**What is required:**
In this exercise, return the whole listing exactly, excluding any images.

###

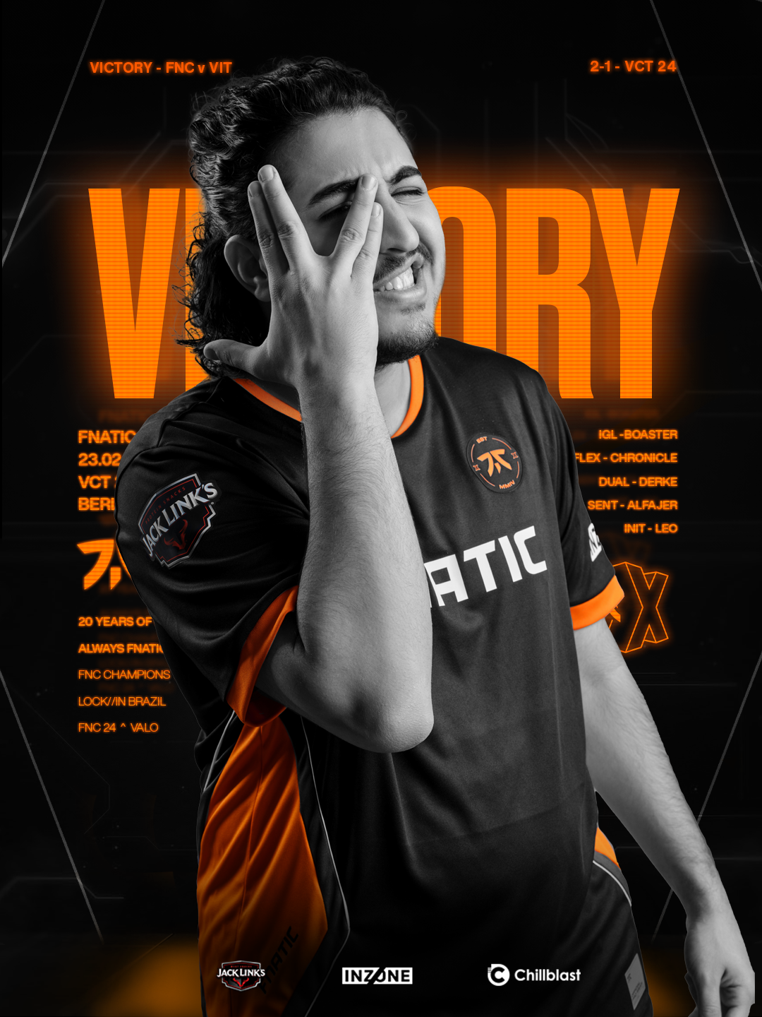 ValorantA compilation of work produced for Fnatic's Valorant team from 2020 to 2024. This includes match coverage on social media, video content assets, and the team's visual identity across multiple platforms.
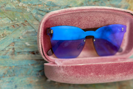 stylish sunglasses on blue wooden table with sunlight
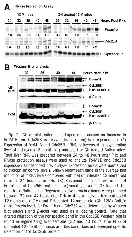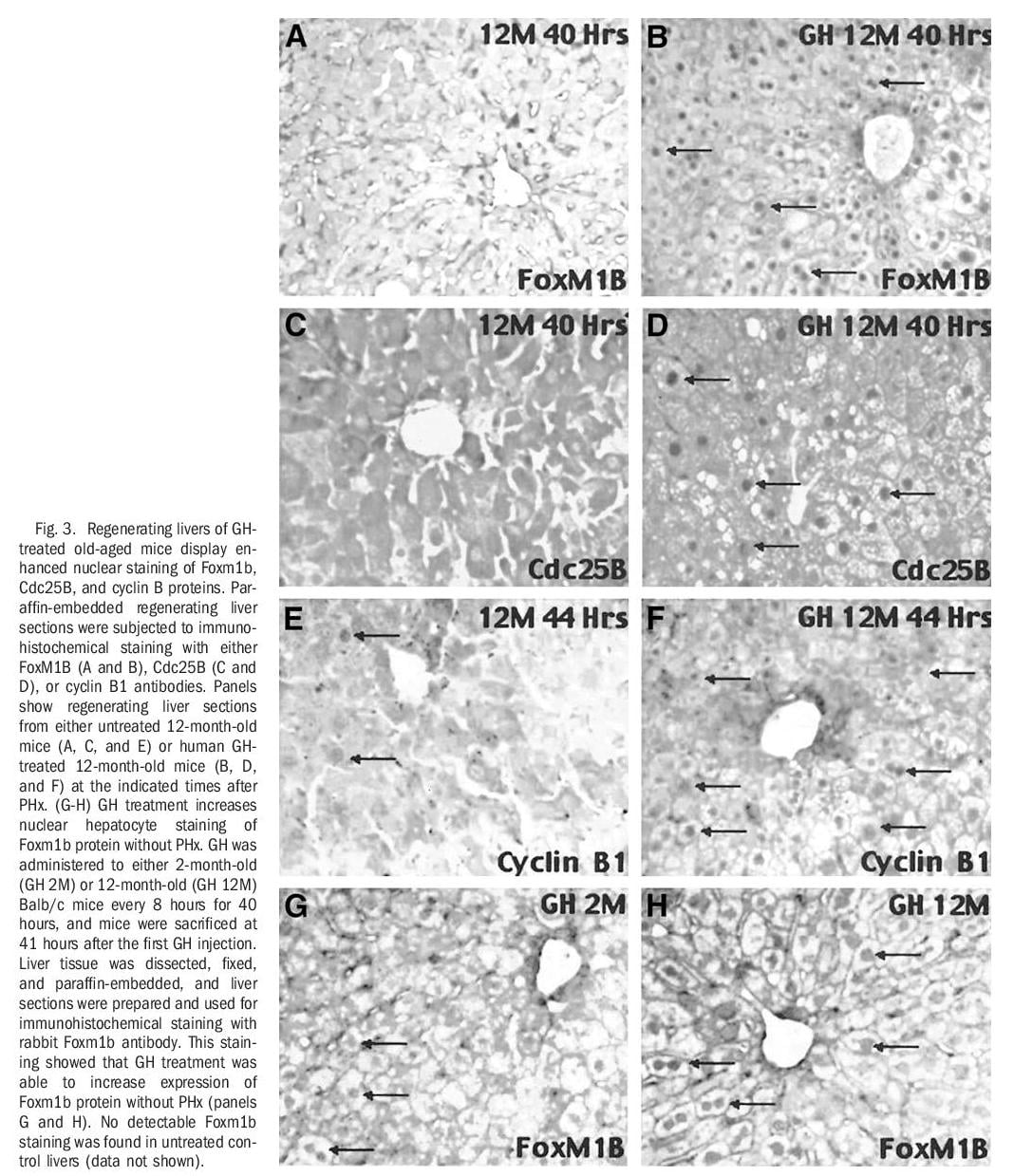Our studies showed for the first time that increased levels of the Foxm1b transcription factor is essential for GH stimulation of regenerating hepatocyte proliferation in old-aged mice (Figs. 5 and 6).
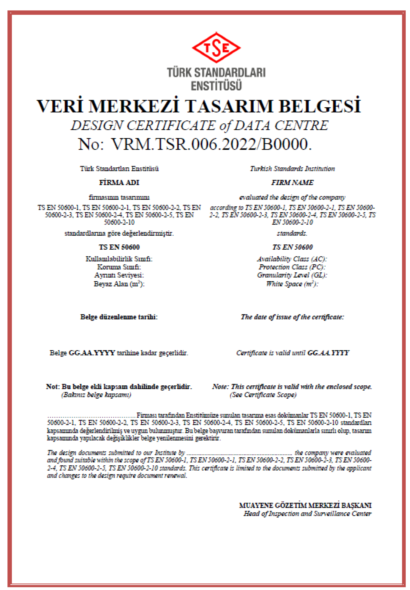 - Tasarım Belgesi: TS EN 50600-1 ve TS EN 50600-2-x standart serilerine ilişkin denetlemeler başarılı sonuçlandığı takdirde “TSE Veri Merkezi Tasarım Belgesi” süresiz olarak verilmektedir.
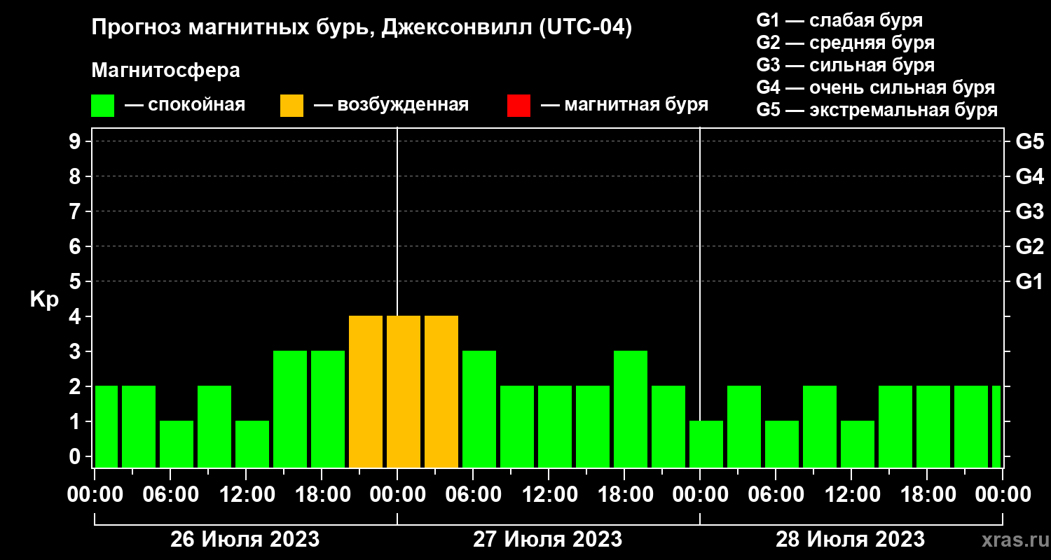 Прогноз магнитных бурь в Джексонвилле — 26 июля 2023 года
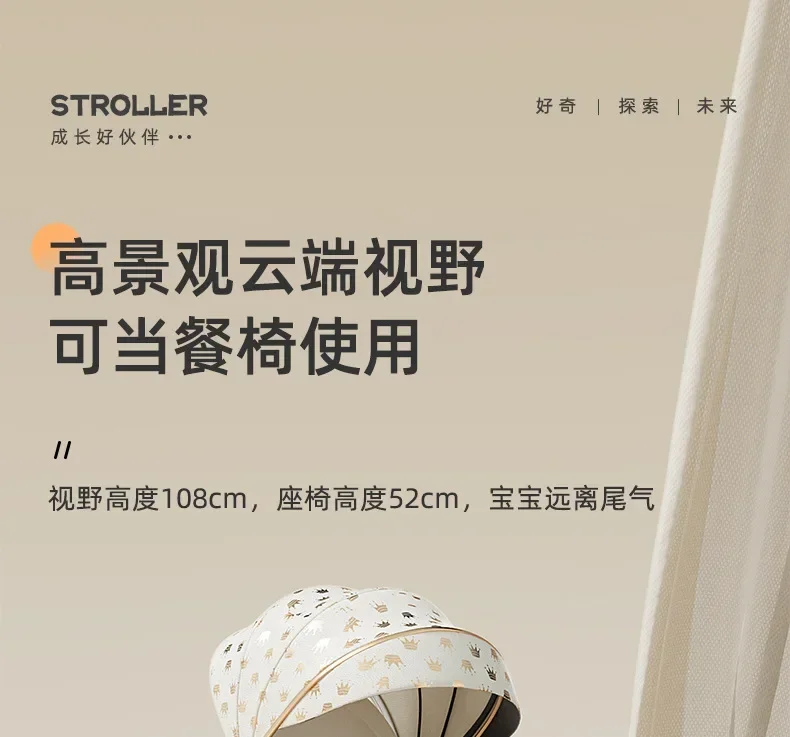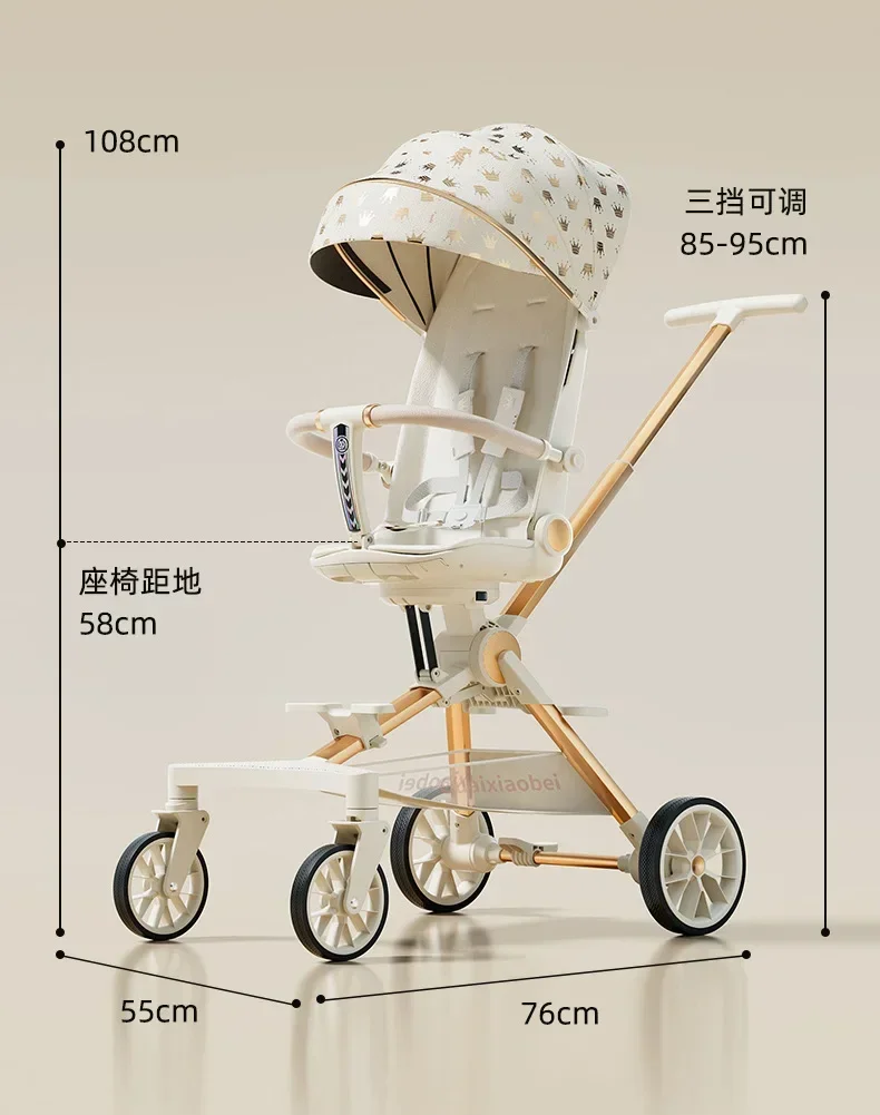 El artefacto para caminar para bebés puede tumbarse plano, pliegue para cochecito, cochecito bidireccional con vista alta, carrito para niños

###

**Response to this task:**
 ValorantA compilation of work produced for Fnatic's Valorant team from 2020 to 2024. This includes match coverage on social media, video content assets, and the team's visual identity across multiple platforms.
 stylish sunglasses on blue wooden table with sunlight
Our studies showed for the first time that increased levels of the Foxm1b transcription factor is essential for GH stimulation of regenerating hepatocyte proliferation in old-aged mice (Figs. 5 and 6).
 - Tasarım Belgesi: TS EN 50600-1 ve TS EN 50600-2-x standart serilerine ilişkin denetlemeler başarılı sonuçlandığı takdirde “TSE Veri Merkezi Tasarım Belgesi” süresiz olarak verilmektedir.
 Прогноз магнитных бурь в Джексонвилле — 26 июля 2023 года
 El artefacto para caminar para bebés puede tumbarse plano, pliegue para cochecito, cochecito bidireccional con vista alta, carrito para niños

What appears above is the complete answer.